*GIVEN ENTRIES*.
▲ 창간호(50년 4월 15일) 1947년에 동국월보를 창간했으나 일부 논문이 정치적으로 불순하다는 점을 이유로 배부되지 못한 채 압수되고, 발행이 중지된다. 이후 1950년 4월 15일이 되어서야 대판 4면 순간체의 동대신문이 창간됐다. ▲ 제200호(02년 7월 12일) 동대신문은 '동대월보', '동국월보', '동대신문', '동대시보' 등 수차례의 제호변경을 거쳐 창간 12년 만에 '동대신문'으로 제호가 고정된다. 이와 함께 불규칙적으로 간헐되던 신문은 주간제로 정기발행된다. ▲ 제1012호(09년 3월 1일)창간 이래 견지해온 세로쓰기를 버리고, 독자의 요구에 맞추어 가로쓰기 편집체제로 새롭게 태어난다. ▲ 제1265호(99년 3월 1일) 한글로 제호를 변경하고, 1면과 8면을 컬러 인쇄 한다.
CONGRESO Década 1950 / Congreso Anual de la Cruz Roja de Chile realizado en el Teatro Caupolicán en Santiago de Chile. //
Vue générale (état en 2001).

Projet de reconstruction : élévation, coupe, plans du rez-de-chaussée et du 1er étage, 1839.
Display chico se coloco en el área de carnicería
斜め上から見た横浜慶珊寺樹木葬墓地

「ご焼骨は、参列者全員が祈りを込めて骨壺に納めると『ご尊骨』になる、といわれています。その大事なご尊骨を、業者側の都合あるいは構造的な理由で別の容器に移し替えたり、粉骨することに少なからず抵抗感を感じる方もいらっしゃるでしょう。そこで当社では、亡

--

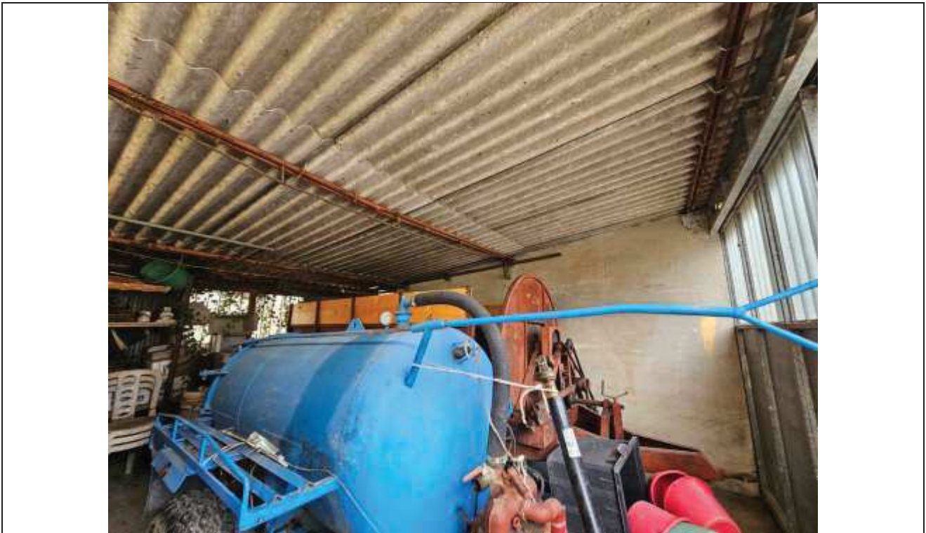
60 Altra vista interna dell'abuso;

==

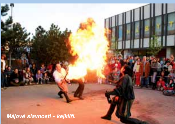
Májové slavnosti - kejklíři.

*WHAT YOU WILL DO*. Above are the records; repeat exactly the lines from the one holding "CONGRESO Década 1950" down to the one holding "斜め上から見た横浜慶珊寺樹木葬墓地", end lines included.

*RESULT*.
CONGRESO Década 1950 / Congreso Anual de la Cruz Roja de Chile realizado en el Teatro Caupolicán en Santiago de Chile. //
Vue générale (état en 2001).

Projet de reconstruction : élévation, coupe, plans du rez-de-chaussée et du 1er étage, 1839.
Display chico se coloco en el área de carnicería
斜め上から見た横浜慶珊寺樹木葬墓地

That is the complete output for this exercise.